= Sosamsin =

Household deity in Korean mythology
Sosamshin is a Gashin, or household deity, in Korean mythology. As her name reveals, she is the goddess of the birth of cattle, just as Samshin is the goddess of human birth.

== Etymology ==
In the Korean language, So refers to cattle.'Samshin' is the birth goddess for the humans. 'Sosamshin' is a joining of these two words.

== Worship ==
Mostly, Sosamshin was worshipped as Gungeong. The term Gungeong refers to the worship of a deity without a particular ritual, venerating them only in the mind.

Sosamshin was properly worshipped in only the four days before and after the birth of a cattle.
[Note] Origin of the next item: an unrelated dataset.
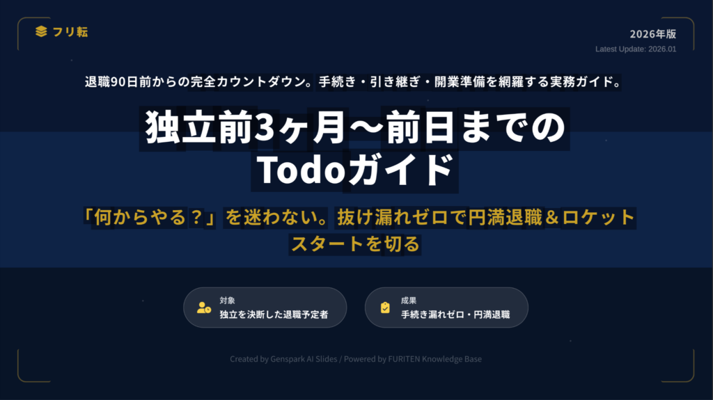 本記事は「独立前3ヶ月〜前日までのTodoガイド」の内容を元に作成しています。 より詳しい図解・チェックリスト・計算シートは、以下からダウンロードできます。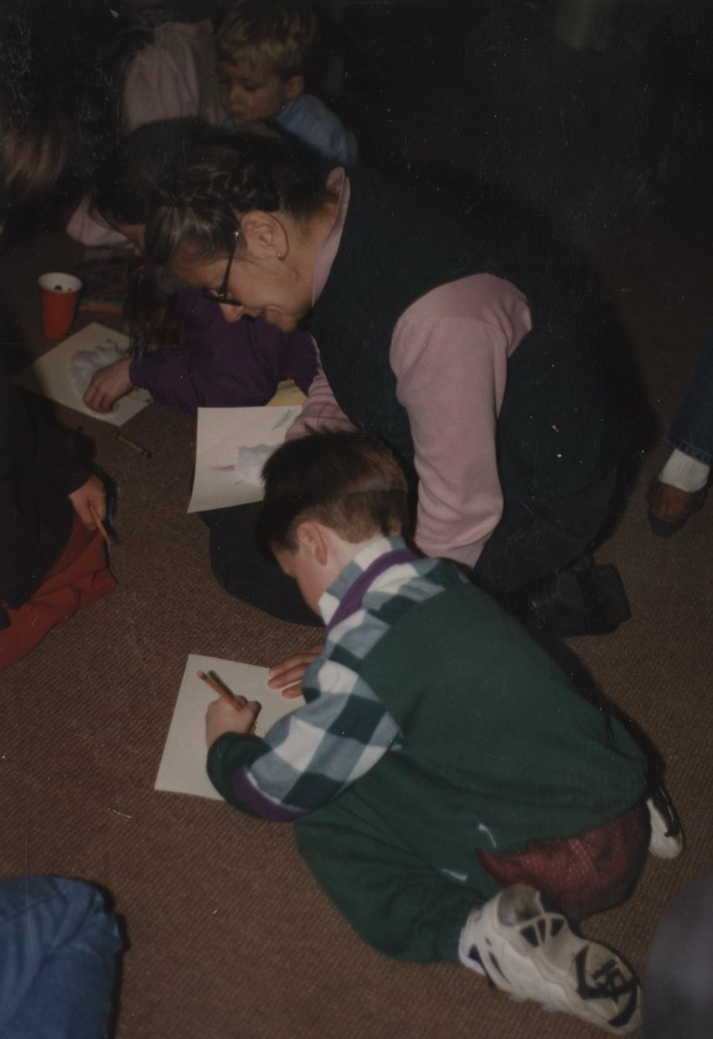 Image description: A color photograph of illustrator Margot Apple, a white woman with grey hair. She wears glasses, a pink shirt, and a black vest. She kneels on the floor next to a young boy who is drawing with a pencil.

If a cow was pregnant, the family held a feast to Sosamshin in the stable, asking the deity to aid the cow in her delivery. Clear water was sacrificed to Sosamshin. When a cow was having delivery, the family sacrificed steamed rice, other dishes, and dirty water to Sosamshin. The sacrifice was then fed to the cow.

After the delivery, ropes were knotted leftwards. Paper were hung on the ropes, and the ropes were stretched across the door or the stable. For four days after the delivery, people who had entered a house where someone had recently died, seen something dead, or had said something bad about the newborn cattle were forbidden to enter the house, as it was believed that if such a person came into the house, the mother would not nurse the young cattle. If the newborn cattle acted strangely, a shaman read out an incantation.

Im Gangwon region, 'San' or 'Guneung' is god of cattle. San and Guneung is similar to Sosamsin. Most of San and Guneung are in front of the stables where the cattle are located, and when the cattle is sick or trying to give birth to a baby, house owner pray in front of San and Guneung.